We're not scientists, but mostly theologians. We may provide resources from believing scientists, but our emphasis is on what Scripture says. Also, our focus is on providing resources from Reformed believers for Reformed believers. So, you could say, our target audience is narrower than websites like AiG.


----------



## Guido's Brother (Jun 4, 2015)

Douglas Padgett said:


> Was it a conscious decision not to have a comments section on the articles? It would be neat to see some interaction with the articles by the reading public.



Douglas,

Yes, we decided not to allow comments. Sometimes comments allow people to bring forward genuine questions, but unfortunately more often it just gives a platform for the contentious, especially on issues relating to origins.


----------



## Jeri Tanner (Jun 4, 2015)

This is encouraging and I'm looking forward to reading more.


----------



## timfost (Jun 5, 2015)

Thanks for sharing! We should always interpret general revelation with special revelation. Unfortunately, the trend is a reversal. I told a relative recently who believes in an old earth and interpreting scripture from a scientific point of view that what concerns me most is that when we are told by scripture to put faith in God and His word, to put trust in science above God's revelation is putting trust in the wrong place.
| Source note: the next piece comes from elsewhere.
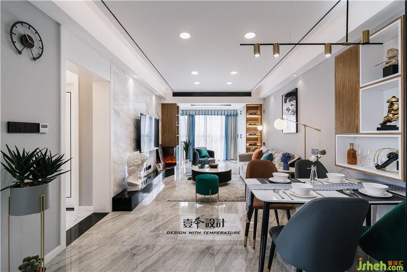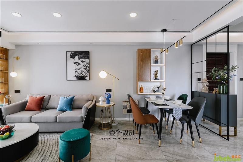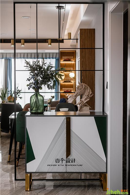 ▲玄关处一面黑色不锈钢隔断很好的分割了入户玄关与客餐厅两个区域。一款拼色的玄关柜撑起了整个空间的格调,时尚简约的造型,黑色烤漆的台面,金色的柜腿设计,将形式上的意与美结合,时尚又不缺乏质感。柜子上随意摆放的马头,打破了空间的沉闷感,在灯光的映衬下呈现出完美的视觉效果。室内设计师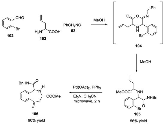 The U-5C-4CR can be extremely powerful in getting access to molecular diversity and complexity when the linear adduct is further manipulated in a post-MCR transformation. A few examples have been reported herein. For example, highly functionalized constrained nitrogen-heterocycles were reported by Gracias et al. as examples of post-Ugi reaction manipulation []. Allyl glycine 103, o-bromo-benzaldehyde 102 and benzyl isocyanide 52 in methanol yielded the Ugi cyclic adduct 104, which was quickly converted into the aminoester 103. Finally, a microwave-assisted Heck cyclization generated N-containing heterocycle (106) (90% yield, Scheme 23).

He proceeded to explain that the main focus of scripture is redemption, so these other details are not as important.

What has happened to the doctrine that the scriptures reveal the glory of God so that we can rightly know and obey Him? If salvation is the most important thing, the glory of God is very man-centered.

Thanks for sharing!


----------



## GraceOverwhelmsMe (Jun 5, 2015)

timfost said:


> What has happened to the doctrine that the scriptures reveal the glory of God so that we can rightly know and obey Him? If salvation is the most important thing, the glory of God is very man-centered.



Didn't you hear? Rob Bell told us that "We are the gospel!" I thought everybody knew that the most important thing in the Bible is how we benefit from the glory of God? No? *shrugs* /endsarcasm

Unfortunately this ^ is what is being taught by liberal critical scholars, and this is what people are eating up. They love to love a God that makes them the most important thing. They love to love a God who puts people's desires and dreams and fairy dust wishes above His own Glory.

Show them the real God of Scripture, and they tell you that they can't believe in a God who does x, y, z as if their approval of the actions of God define who God is. 

Sorry. Makes me real mad sometimes.


----------